Как хорошо... как страшно, родная...
Как нежность сердце стеснила...
Мне уже не заснуть, я знаю...
Шторка?.. Может, ты навестила?
В упоении и тревоге
Умерла моя девочка... дочь моя...
Как прикажешь сердцу: молчи.
Если горем разъедено в клочья
сердце – вырви и растопчи.
Дочь моя... Ну какой любимой
так дарил я себя, как ей,
незаменимой,
незабвенной Анке моей?
Мне она, как мир, представала
в упоении, в тревоге рассвета,
в стужу сердце горячее отдавал я
за это.
Плач
«В Вислу Анку, в Вислу надо!..» —
«Папа, опомнись. Дочь-то?!» —
«Без рассуждения, без пощады,
за то, что
любить велишь все сильнее,
так что сердцу – ну хоть разбейся,
за то, что вот-вот опять засияет
букетик фиалок в Бейсцах,
а там каштаны, каштаны
– прочь, Тадзик, не надо —
за то, что у папы туманна
от любви голова, чтото в ней неладно,
что мысли так велики мои,
а действия...
что в Вислицкую базилику
шли по лестнице вместе,
что вдали собор
Казимежа, в два нефа,
что тревожит с тех пор
душу древности эхо,
что уже вплетена ты в давнее,
как орнамент,
что на устах рыдание
замирает,
что тяжко мне, ах как тяжко
ворочать мысли,
поэму придумывать нашу
о Висле». —
«Утопи меня, папа, я и так не живая...» —
«А слезы?» —
«Пусть ничьи они будут, пусть расцветает
сирень и шумят березы...»
Фильм о Висле
До устья Вислы от истоков,
до устья жизни от начала
я нес тебя на крыльях-строках,
на чутких крыльях песни мчал я.
Так мы рекой овладевали,
прекрасны были те владенья,
как свет живой из дальней дали,
как образ вечный, чуждый тленья.
От вавельских до гданьских башен,
от Новой Гуты до былого, —
до городища предков наших,
во всё любовью снова, снова
вторгались мы, чтоб словом-оком
объять истории просторы,
чтоб, в мире осмотрясь широком,
«Светает!» – возглашать упорно.
Не лги, о память! Меркнет образ,
уже экран в тумане Вислы,
и этот плот, и крышка гроба,
и солнце красное повисло,
мост сокрушенный, льдины, скрежет,
дым над трубою заводскою,
последний вечер в Казимеже...
Как совладать с тоской такою?
Ах, что я делаю? Я тени
ловлю в погоне за тобою,
А разум требует: забвенье,
а сердце держится любовью.
Анка
Аня, вслух говорю, но тихонько – так лучше, так проще,
чтобы самая чуткая мысль моя не ускользнула.

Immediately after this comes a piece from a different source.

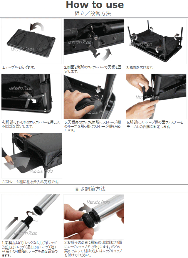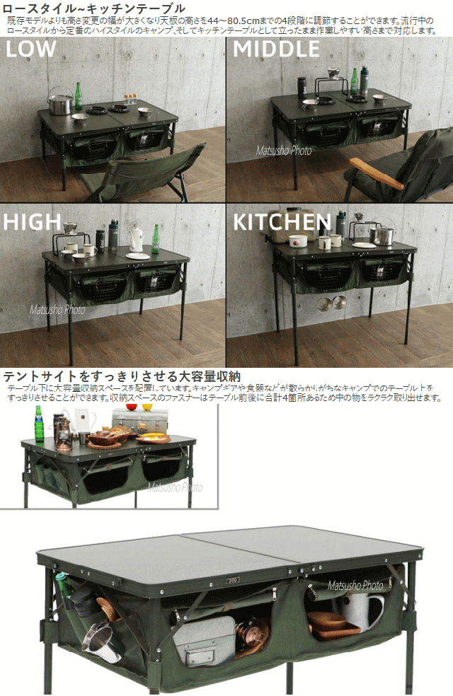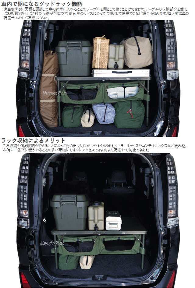 ![]() 車の荷室に棚をつくる。キャンプの収納を手助けする折りたたみテーブル。 テーブル下に大容量収納スペースを備えたアウトドアテーブル。 そのまま車の荷室に入れれば便利な3段収納の棚として使用できます。 キャンプ時にも散らかりがちなキャンプギアや小物を収納すればテントサイトをすっきりと 片付ける事が可能です。 ![]() ![]() ![]() ![]() ![]() | ||||||||||||||||||

Вот без малого год, как, ослепший, иду на ощупь
за тобой, которая от меня ускользнула.
Вслух говорю, но тихонько, тихонько,
чтобы Эве не было слышно.
Окошко закрыто, хоть неподалёку,
я ручаюсь – там ничего не слышно.
Из Юраты, отсюда – помнишь ты это? —
мы пробирались рекою Вислой,
к белому ль свету, к тому ли свету,
но ничего из того не вышло.
Анюля! С тех пор как пусто и немо
без тебя – смелее еще, грознее
я опять принялся за поэму,
которой быть «Свадьбой» моею.
На нашей земле не бывать Хиросиме,
станут вместе плясать тополя да ивы,
плоцкой стужи мы не боимся зимней,
плоцкой осени мгла поплывет лениво.
Ничего не сказал я тебе о Висле,
того, что сердце хотело.
Но поверь – все сейчас от тебя зависит,
все стихи мои, каждая мысль и дело.
Ты будешь их сутью, душою тайной,
во всех испытаньях мы будем вместе,
будут петь соловьи и в любых испытаньях
тебе свои соловьиные песни.
Ты первейшая самая, пусть неживая,
далекая – только куда тебе деться?
Из тысяч единственная, родная...
Ждет отец твой...
Обещание
Доченька, далекая дочка,
пусто, пусто вокруг, уныло,
сердце мое кровоточит,
сердце ждет... ничего не забыло.
Ведь не совсем умерла ты:
мы же вместе трудиться будем.
Все исполню, что обещал когдато:
понесу стихи свои людям,
стихи одарят их любовью, силою,
заставят верить и улыбаться,
хоть нелегко мне, доченька милая,
идти и под тяжестью строк сгибаться...
Страшной птицей ночь надо мной кружится,
сердце терзает в клочья.
Оторву, оторву я крылья у птицы,
вырвусь, вырвусь из мрака прочь я.
Моё сердце
Мое сердце – сердце из плоти —
изучили врачи отлично.
«До ста лет, бог даст, проживете», —
обещают они привычно.
Мое сердце, скорбью больное,
одному лишь подвластно чувству:
мне одной не хватает, одной лишь,
без которой в комнате пусто.
Где любимые, где? Не слышу я
зова их... только тишь полночная.
А быть может, слеза, повисшая
на ресницах, – умершая дочь моя?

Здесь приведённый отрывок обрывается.